In 1983, he became an American citizen and moved to Springfield, Virginia. He studied computer programming at Northern Virginia Community College and worked as a computer analyst for the Association of American Railroads for a decade until he retired in 1994.

Trưởng wrote several military history works commissioned by the United States Army Center of Military History, as part of its Indochina Monographs series. These were The Easter Offensive of 1972 (1979), RVNAF and US Operational Cooperation and Coordination (1980) and Territorial Forces (1981).

==Death==
Trưởng died of cancer on 22 January 2007, at the Inova Fairfax Hospital in Falls Church, Virginia. At the time of his death, Trưởng was survived by his wife, three sons, two daughters, twelve grandchildren and two great-grandchildren. After his death, the Virginia House of Delegates and Senate passed a joint resolution "Celebrating the Life of Ngo Quang Truong".

==Assessment==
Trưởng was widely regarded as South Vietnam's finest officer, and the US officers that worked with him generally rated him to be superior to most American commanders. He was also renowned for his integrity and his uninvolvement in corruption, favoritism or political cronyism, as well as his empathy and solidarity with his soldiers. William Westmoreland, the US commander in Vietnam from 1964 to 1968, said that Trưởng "would rate high on any list of capable South Vietnamese leaders ... [other U.S. commanders] so admired Trưởng that they would trust him to command an American division." His successor Creighton Abrams, who oversaw the American war effort until 1972, said that Trưởng "was capable of commanding an American division".

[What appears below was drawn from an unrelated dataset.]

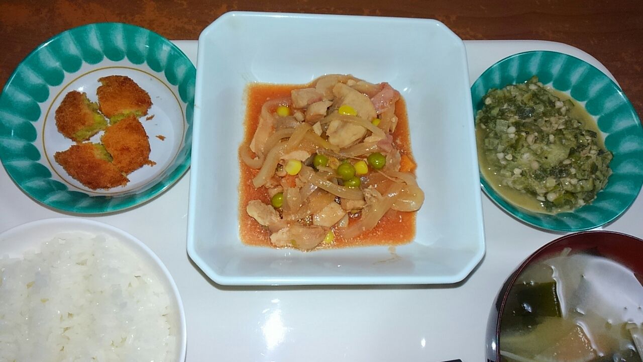 本日のメニュー 2017.03.13 11:09 本日のメニューです(3月13日) 昼食 主食 ごはん 味噌汁 主菜 チキンのトマト煮込み 副菜 カレーコロッケ 添え物 オクラのゴマ和え夕食主食 ごはん 味噌汁主菜 さば山椒焼き副菜 厚揚げと小松菜の生姜煮 れんこんマリネ

Lieutenant General John H. Cushman, and his main subordinate, Lieutenant General Richard G. Stilwell, who operated alongside Trưởng in I Corps in the 1960s said that because of Trưởng's efforts, the ARVN 1st Division was "equal to any American unit". General Bruce Palmer Jr. said that Trưởng was "probably the best field commander in South Vietnam." In 1966, Trưởng's American adviser wrote to General Harold K. Johnson, describing the Vietnamese officer as "dedicated, humble, imaginative and tactically sound."

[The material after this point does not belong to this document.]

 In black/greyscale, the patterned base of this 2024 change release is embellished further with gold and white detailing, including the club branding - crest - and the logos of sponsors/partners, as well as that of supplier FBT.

General Norman Schwarzkopf, who commanded US forces during the Gulf War against Iraq in 1991, served as Trưởng's adviser in the 1960s when he was deployed to South Vietnam as a major during a campaign at Ia Drang. He wrote in his autobiography It Doesn't Take A Hero, that Trưởng "did not look like my idea of a military genius: only five feet seven ... very skinny, with hunched shoulders and a head that seemed too big for his body ... His face was pinched and intense ... and there was always a cigarette hanging from his lips. Yet he was revered by his officers and troops—and feared by those North Vietnamese commanders who knew of his ability." Schwarzkopf said that Trưởng was "the most brilliant tactical commander I'd ever known" and that "by visualizing the terrain and drawing on his experience fighting the enemy for fifteen years, Truong showed an uncanny ability to predict what they were going to do".

Lieutenant Colonel James H. Willbanks, who served in Vietnam and was a professor of military history at the United States Army Command and General Staff College, said of Trưởng:

A humble man, Truong was an unselfish individual devoted to his profession. He was fiercely loyal to his subordinates, and was known for taking care of his soldiers, often flying through heavy fire to stand with them in the rain and mud during enemy attacks. He treated everyone the same and did not play favorites.

Unlike some South Vietnamese generals who had grown rich as they ascended the ranks, Trưởng was regarded as being completely incorruptible and lived a "spartan and ascetic" life. According to Lieutenant General Cushman, Trưởng did not own a suit, and by the time he was appointed to command IV Corps, his wife tended to pigs, which were kept behind his basic living quarters in the headquarters at Cần Thơ. Cushman added that Trưởng was always looking for means to raise his soldiers' material and family lives. Trưởng did not tolerate favoritism. He once received a request to transfer his nephew from the front line to a desk job; he refused and the nephew later was killed in action. General Bruce Palmer Jr., said Trưởng "deserved a better fate" than the mauling of his soldiers amid Thiệu's confused orders and the collapse of South Vietnam.